The French Revolution

By kay101
  • Period: to

    French Revolution

  • Estates General

    Estates General
    Louis proposed to tax the nobility so he had to call the Estates General to approve this new tax; it was the first meeting in 175 years.
  • Tennis Court Oath

    Tennis Court Oath
    The Oath was a pledge signed by 576 of the 577 members from the Third Estate who were locked out of a meeting of the Estates-General on 20 June 1789. They made a makeshift conference room inside a tennis court near the Palace of Versailles.
  • Storming of the Bastille

    Storming of the Bastille
    The prison in Paris known as the Bastille represented royal authority in the centre of Paris.

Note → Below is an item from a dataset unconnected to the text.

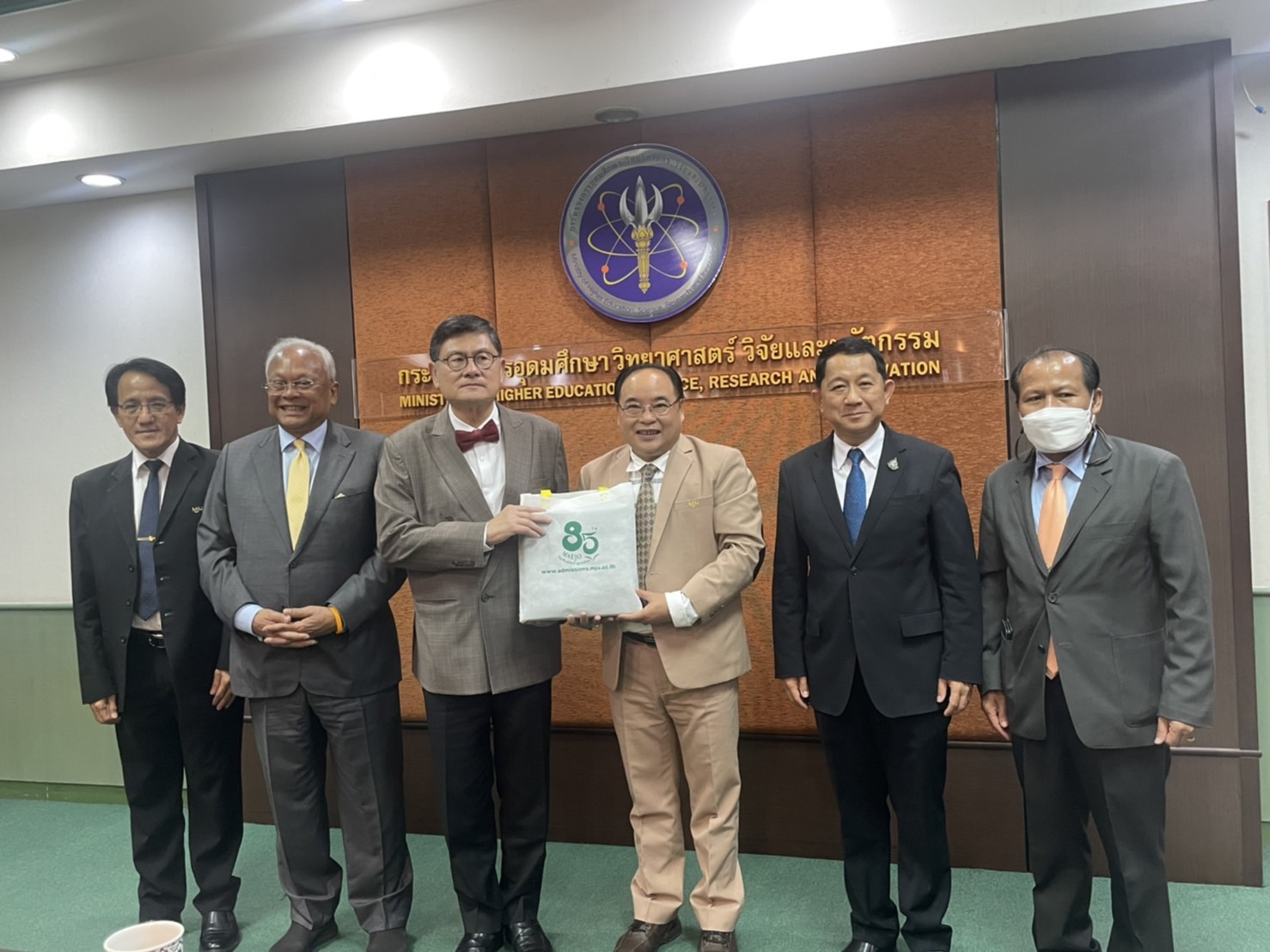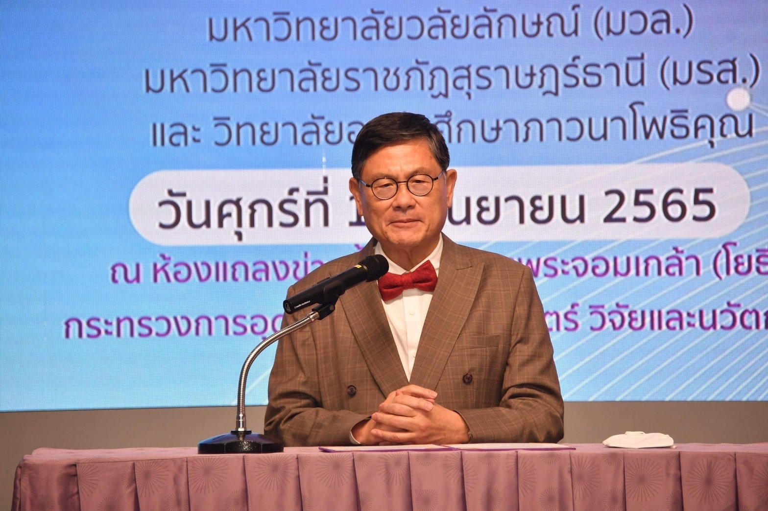 วันศุกร์ที่ 16 กันยายน 2565 รศ.ดร.วีระพล ทองมา อธิการบดีมหาวิทยาลัยโจ้ รองศาสตราจารย์ ดร.เกรียงศักดิ์ ศรีเงินยวง รองอธิการบดี ผศ.ดร.ณัฐวุฒิ ดุษฎี รองอธิการบดี เข้าร่วมพิธีลงนามบันทึกความเข้าใจสถาบันวิจัยวิทยาศาสตร์และเทคโนโลยีแห่งประเทศไทย (วว.) ร่วมกับ สำนักงานพัฒนาวิทยาศาสตร์และเทคโนโลยีแห่งชาติ(สวทช.) สำนักงานการวิจัยแห่งชาติ (วช.) มหาวิทยาลัยเทคโนโลยีราชมงคล 9 แห่ง มหาวิทยาลัยเกษตรศาสตร์ มหาวิทยาลัยแม่โจ้ มหาวิทยาลัยสงขลานครินทร์ มหาวิทยาลัยวลัยลักษณ์ มหาวิทยาลัยราชภัฏสุราษฎร์ธานี และวิทยาลัยอาชีวศึกษาภาวนาโพธิคุณ โดยมี ศาสตราจารย์พิเศษ ดร.เอนก เหล่าธรรมทัศน์ รัฐมนตรีว่าการอุดมศึกษา วิทยาศาสตร์ วิจัยและนวัตกรรม (อว.) เป็นประธานในพิธี

While the prison only contained seven inmates at the time of its storming, its fall was the flashpoint of the French Revolution.
  • The Great Fear Begins

    The Great Fear Begins
    Fearful peasants armed themselves in self-defense and, in some areas, attacked manor houses.
  • Declaration of Rights of Man

    A fundamental document of the French Revolution, defining the individual and collective rights of all the estates of the realm as universal.
  • Women's March to Versailles

    Mobs of angry women stormed to Versailles, demanding bread.
  • Louis and Marie’s flight to Varennes

    King Louis XVI of France, his wife Marie Antoinette, and their immediate family attempted unsuccessfully to escape from Paris in order to initiate a counter-revolution.
  • Constitution of 1791

    The short-lived French Constitution of 1791 was the second written constitution of France. It redefined the way the French government should be organized.
  • Brunswick Manifesto

    The manifesto promised that if the French Royal family was not harmed, then the Allies would not harm French civilians or loot.
  • National Convention

    The National Convention held executive power in France during the first years of the French First Republic.
  • Reign of Terror

    The Reign of Terror was a period of violence that occurred after the onset of the French Revolution, caused by conflict between rival political factions, the Girondins and the Jacobins, and marked by mass executions of "enemies of the revolution."
  • Directory

    The Directory was a body of five Directors that held executive power in France following the Convention and preceding the Consulate.
  • Napolean Takes Over

    Napolean was the most powerful person in France as the First Consul.
  • Concordat of 1801

    The Concordat of 1801 was an agreement between Napoleon and Pope Pius VII. It solidified the Roman Catholic Church as the majority church of France and brought back most of its civil status.
  • Louisiana Purchase

    The US purchased the territory of Louisiana from France.
  • Napoleanic Code

    The code forbade privileges based on birth, allowed freedom of religion, and specified that government jobs go to the most qualified.
  • Napolean Becomes Emperor

    As Napoleon I, he was Emperor of the French from 1804 to 1815.
  • Battle of Trafalgar

    A sea battle fought between the British Royal Navy and the combined fleets of the French Navy and Spanish Navy, during the War of the Third Coalition
  • Continental System

    The Continental System was the foreign policy of Napoleon in his struggle against the United Kingdom of Great Britain and Ireland during the Napoleonic Wars.
  • Peninsular War

    The Peninsular War was a war between France and the allied powers of Spain, the United Kingdom, and Portugal for control of the Iberian Peninsula during the Napoleonic Wars.
  • Russian Invasion

    The turning point in the Napoleanic Wars. France was badly defeated and the country's power was weakend.
  • Exile to Elba

    Napolean is exiled to the island of Elba.
  • Battle of Waterloo

    Napoleon's army is defeated by the members of the Seventh Coalition. This defeat ended Napoleon's rule.
  • Exile to St. Helena

    Napoleon is imprisoned and then exiled to the island of Saint Helena in the Atlantic Ocean.